From CS294-10 Visualization Sp11
I picked a dataset that shows all entries of songs on the Billboard charts from 1890 to 2008. My hypotheses was that every period is dominated by a genre. Thus, my goal was to demonstrate how music preferences changed over time.
Improving Data Quality
The spreadsheet has been collaboratively assembled in a crowdsourced effort. The data quality is mediocre, so I had to go ahead and clean the data.

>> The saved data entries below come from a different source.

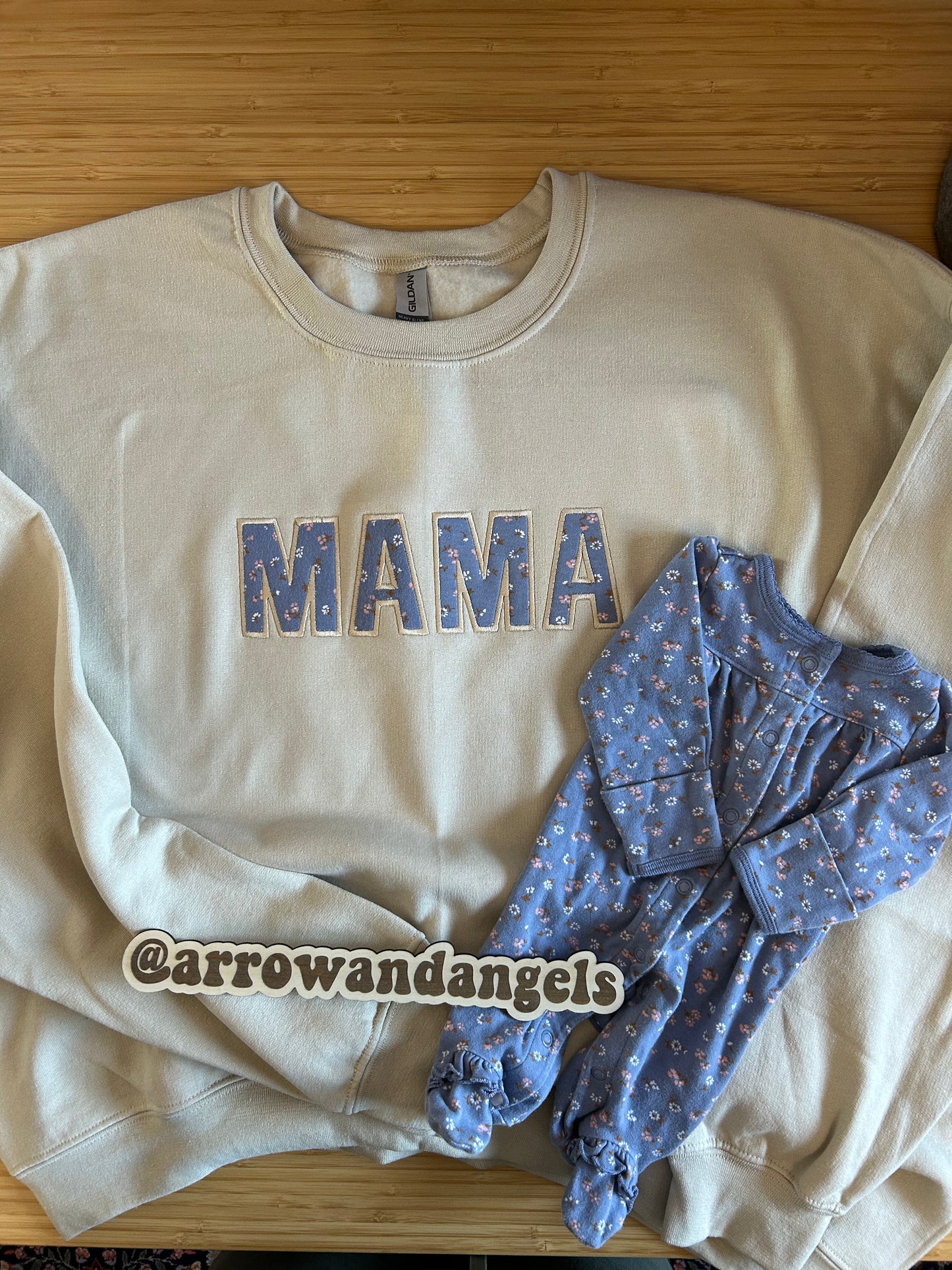 Mama Keepsake Embroidered crews are made to order by Arrow and Angels.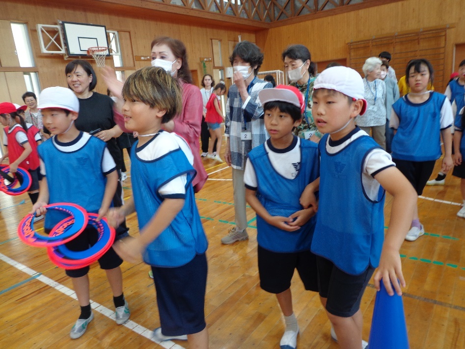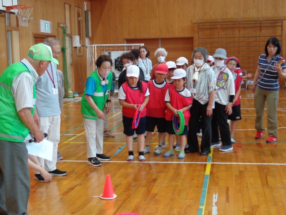 毎年、尾鷲小学校体育館で行われている「世代間交流ミニ運動会」に、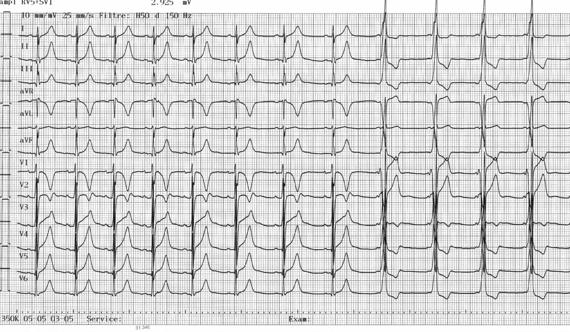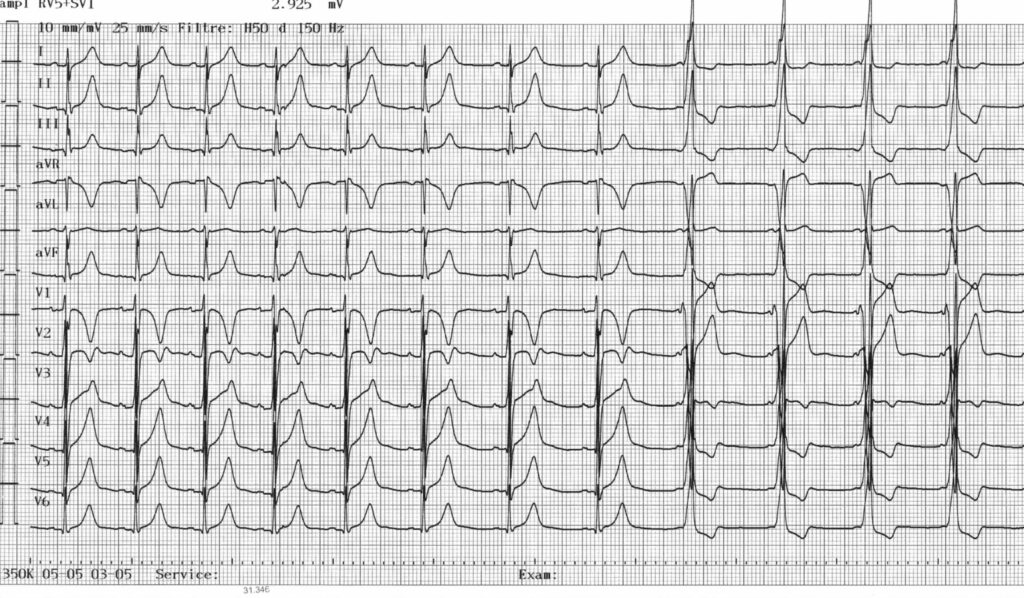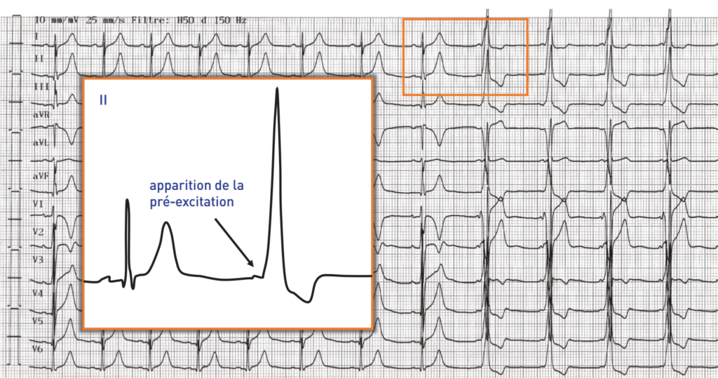 Dans la partie initiale du tracé, on retrouve un rythme sinusal avec un espace PR normal, un QRS fin (présence d’une onde q septale en V6) et des troubles de la repolarisation aspécifiques; à la faveur d’un léger ralentissement de la fréquence cardiaque, apparition d’une pré-excitation ventriculaire avec PR court, onde delta et troubles de la repolarisation; le sous-décalage du segment ST et l’inversion de l’onde T quasi-systématique dans toutes les dérivations par rapport au tracé initial peuvent être imputés à la modification d’activation et à l’apparition de la pré-excitation;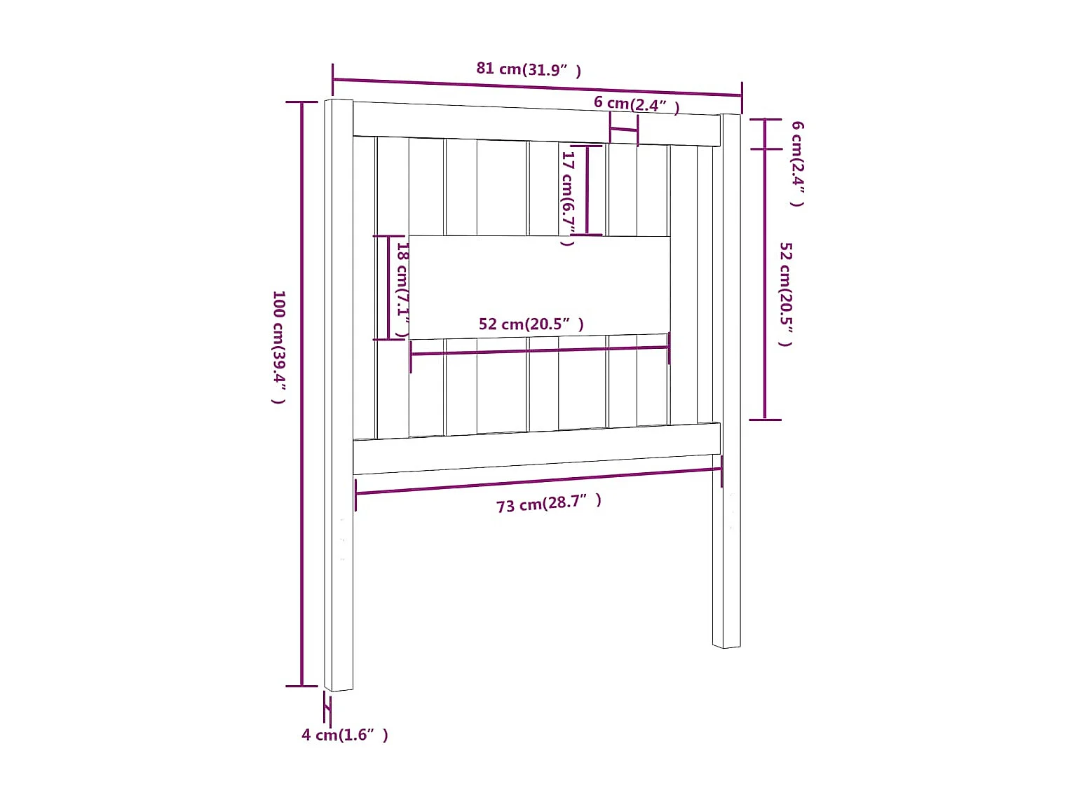 Cabecero de Cama | Cabezal de cama | Mueble de cabecero madera maciza de pino negro 81x4x100 cm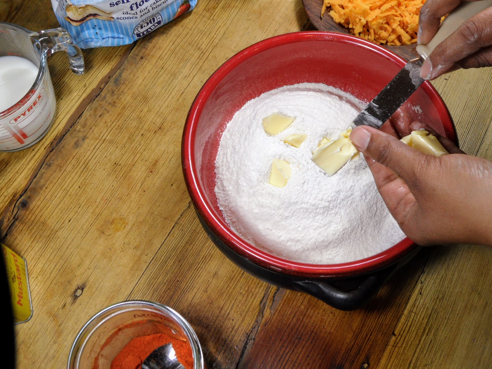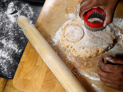 - Place cut scones onto a floured tray, brush with Milk, sprinkle a little more Cheese and Paprika.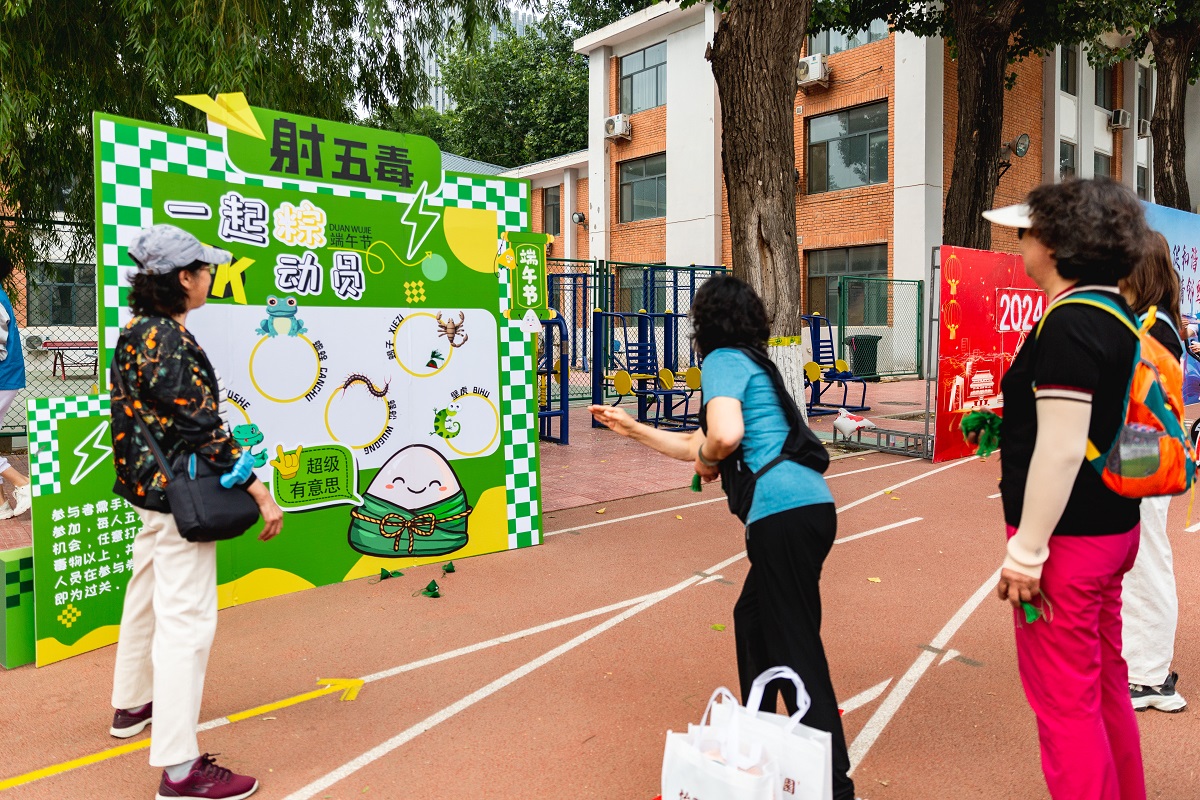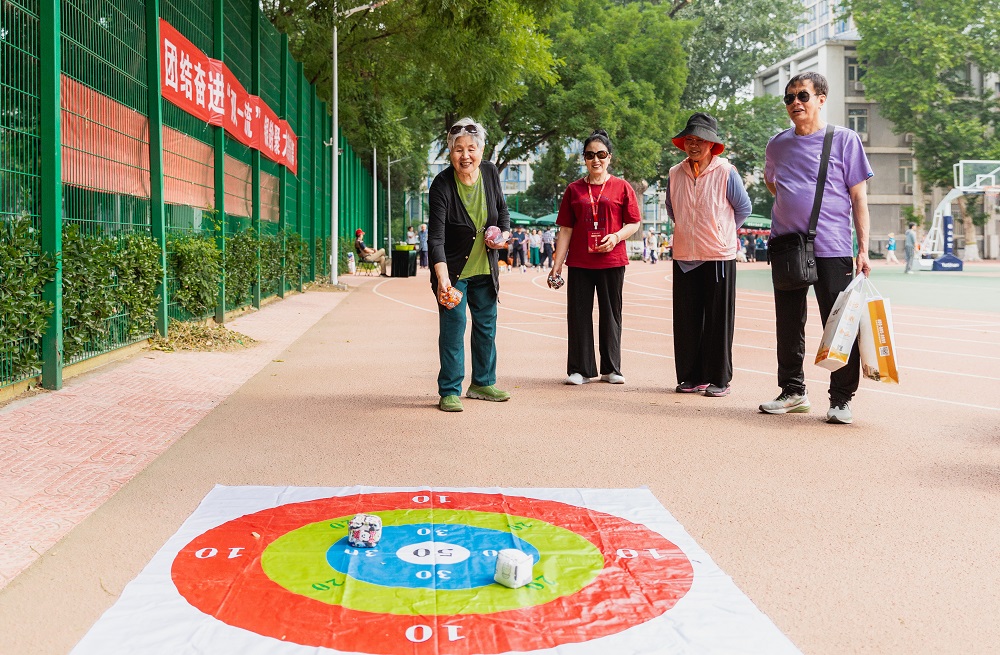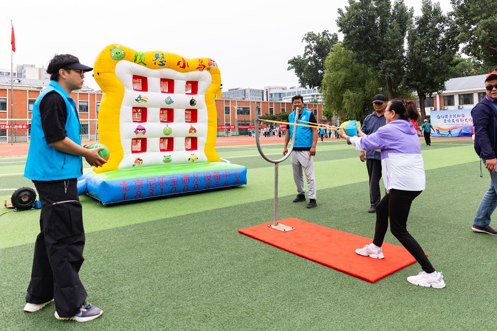 本次活動(dòng)的主體項(xiàng)目是精心設(shè)計(jì)的趣味運(yùn)動(dòng),讓每位參與者都能在輕松愉快的氛圍中享受運(yùn)動(dòng)的樂趣。“筷子夾球”項(xiàng)目需要在最短的時(shí)間內(nèi)用筷子夾出乒乓球再放入指定位置,鍛煉老年人的手指靈活度。“足球飛鏢”“沙包擲準(zhǔn)”“冰壺”“動(dòng)感單車”鍛煉老年人的四肢精準(zhǔn)度和力量。“投箭入壺”“吸盤射箭”、端午節(jié)民間傳統(tǒng)游戲“射五毒”“捶丸”既體現(xiàn)了傳統(tǒng)文化,又結(jié)合了現(xiàn)代技術(shù),為健康運(yùn)動(dòng)增添了科技感。“木球攻門”“套圈尋寶”既考驗(yàn)了策略思考,又增加了運(yùn)動(dòng)的趣味性。模仿游戲角色用彈弓將小鳥射向小豬的項(xiàng)目“憤怒的小鳥”充滿童趣,吸人眼球,既考驗(yàn)參與者的力度控制,又激發(fā)了競(jìng)技激情。“抓娃娃”讓老同志回到了童年時(shí)光,感受到滿滿的童趣。豐富的趣味運(yùn)動(dòng)項(xiàng)目寓意“點(diǎn)亮北京”,老同志們?cè)趨⑴c中提高了健康理念,增添了生活樂趣,增強(qiáng)了為首都增光添彩的良好心愿。

It turned out that some fields had a plus character or an asterisk to indicate a comment within the spreadsheet, which had the effect that Tableau didn't recognize the data properly, and instead interpreted the data as Null values. Unfortunately, cleaning up the data only had a limited effect; it helped to the extent that each song had a data assigned. However, a closer look at the data revealed that the genre was missing from a lot of songs
Introducing The Genre
In order to find out about how the music taste has changed over time, my goal was to indicate the genre by color:
This visualization came closer to what I intended to show. The colored areas of the stacked graphs clearly showed changes in music preferences. For example, the growing share of Rap music starting from the mid-80's becomes apparent.
There are, however, a couple issues with this visualization. First of all, having so many songs with no genre indication (light gray areas) is problematic when the main message I want to convey banks on changing genre preferences over time. Also, even though it would tell an interesting story, it is not obvious why the number of songs per year shrinks after 1967. Since data quality has been a problem with this data set, it could very well be that this is a matter of missing data. A third problem is that there are by far too many genres which makes the coloring confusing and the visualization less compelling.
Top 30 Artists of All Time
I decided to include artists in some way or another. With thousands of artists, however, I decided to only include the top 30 artists of all time.
This removed the coloring problem but still left me with too much missing genre data. Breaking up the data into small multiples for the 30 top artists improved the situation. I sorted the artists by the date they released had their first song in the charts.
Even if the genre is missing, the visualization tells a compelling story. One can see when the bands had their songs in the charts, and in what period of time they released their songs.
When I broke down the visualization by artists, I expected to see names like Michael Jackson, Madonna, or Hip Hop acts like LL Cool J, who were all active over a stretched period of time.The problem is that despite the fact they were very successful, they didn't put out enough records to appear in the Top 30. Madonna, for example, had over 50 singles in the charts, which is still too little.
To see those, I wanted to restrict the time range to songs released after 1980, while still showing the top 30. I didn't find out how to use a nested filter with Tableau ("show Top 30 artists of all songs after 1985) instead of an additive filter ("Show only songs after 1980 of all Top 30 artists"). I worked around this restriction by just filtering for artists with more than 30 songs and, restricted the time range to only songs released after 1980, and manually removed the few artists that showed up in that list, but released most of their songs prior to 1980.